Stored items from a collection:
++++
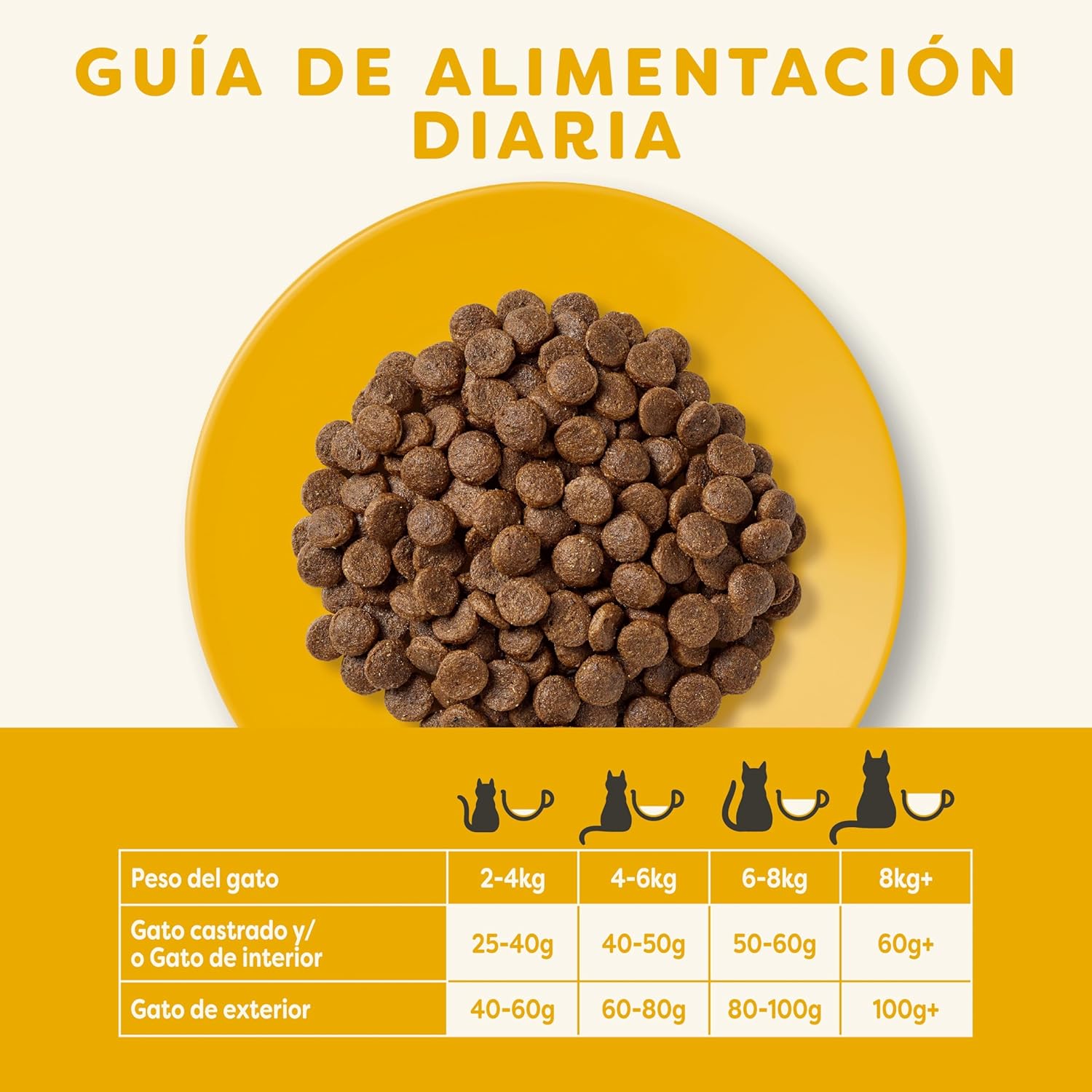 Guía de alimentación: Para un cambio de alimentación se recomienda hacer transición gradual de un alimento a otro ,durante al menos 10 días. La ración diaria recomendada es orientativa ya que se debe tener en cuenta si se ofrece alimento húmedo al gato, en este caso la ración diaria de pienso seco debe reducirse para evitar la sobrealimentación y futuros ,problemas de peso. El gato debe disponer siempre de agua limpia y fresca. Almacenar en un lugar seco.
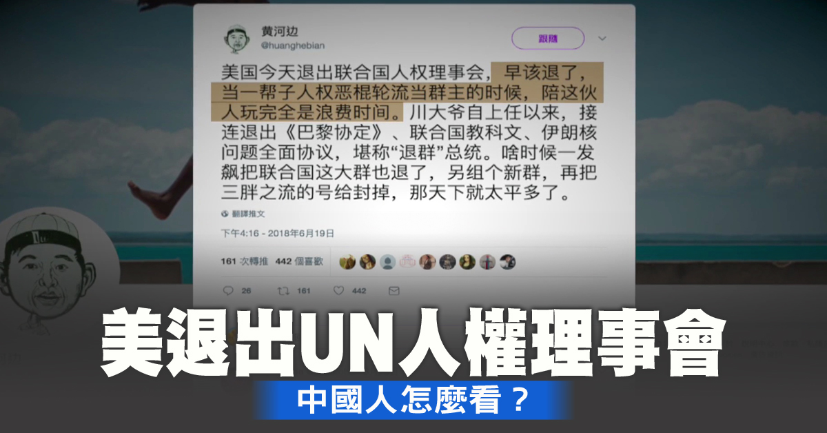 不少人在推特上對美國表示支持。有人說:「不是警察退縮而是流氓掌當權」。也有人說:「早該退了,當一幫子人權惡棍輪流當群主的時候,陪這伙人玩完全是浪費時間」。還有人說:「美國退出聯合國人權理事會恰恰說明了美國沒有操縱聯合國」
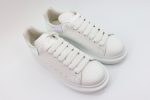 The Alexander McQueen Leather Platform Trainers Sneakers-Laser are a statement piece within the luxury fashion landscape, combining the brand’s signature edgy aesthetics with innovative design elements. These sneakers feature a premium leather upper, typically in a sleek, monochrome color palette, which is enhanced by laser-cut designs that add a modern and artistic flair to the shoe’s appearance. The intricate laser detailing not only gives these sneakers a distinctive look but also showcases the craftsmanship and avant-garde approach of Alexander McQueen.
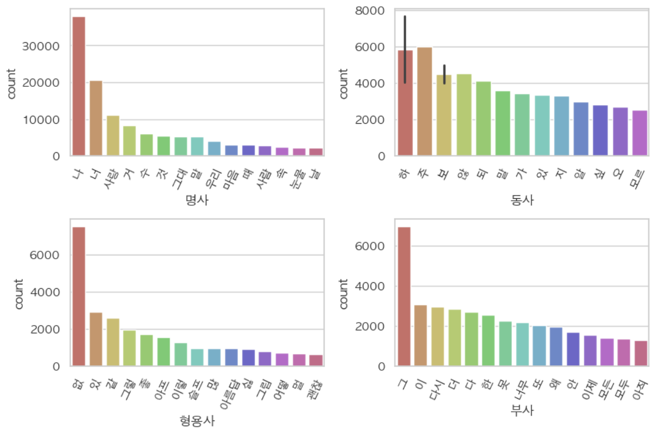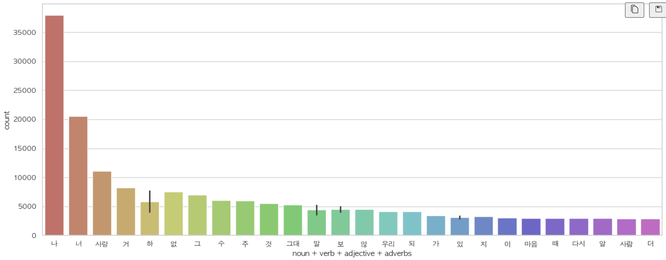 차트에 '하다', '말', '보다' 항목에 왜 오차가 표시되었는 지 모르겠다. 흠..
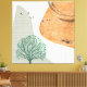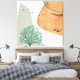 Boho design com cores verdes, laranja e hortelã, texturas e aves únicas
++++
** Required work **
Print only the lines running from the one containing "차트에 '하다', '말', '보다'" to the end of the data above, exactly; include no pictures.

** Completed exercise **
 차트에 '하다', '말', '보다' 항목에 왜 오차가 표시되었는 지 모르겠다. 흠..
 Boho design com cores verdes, laranja e hortelã, texturas e aves únicas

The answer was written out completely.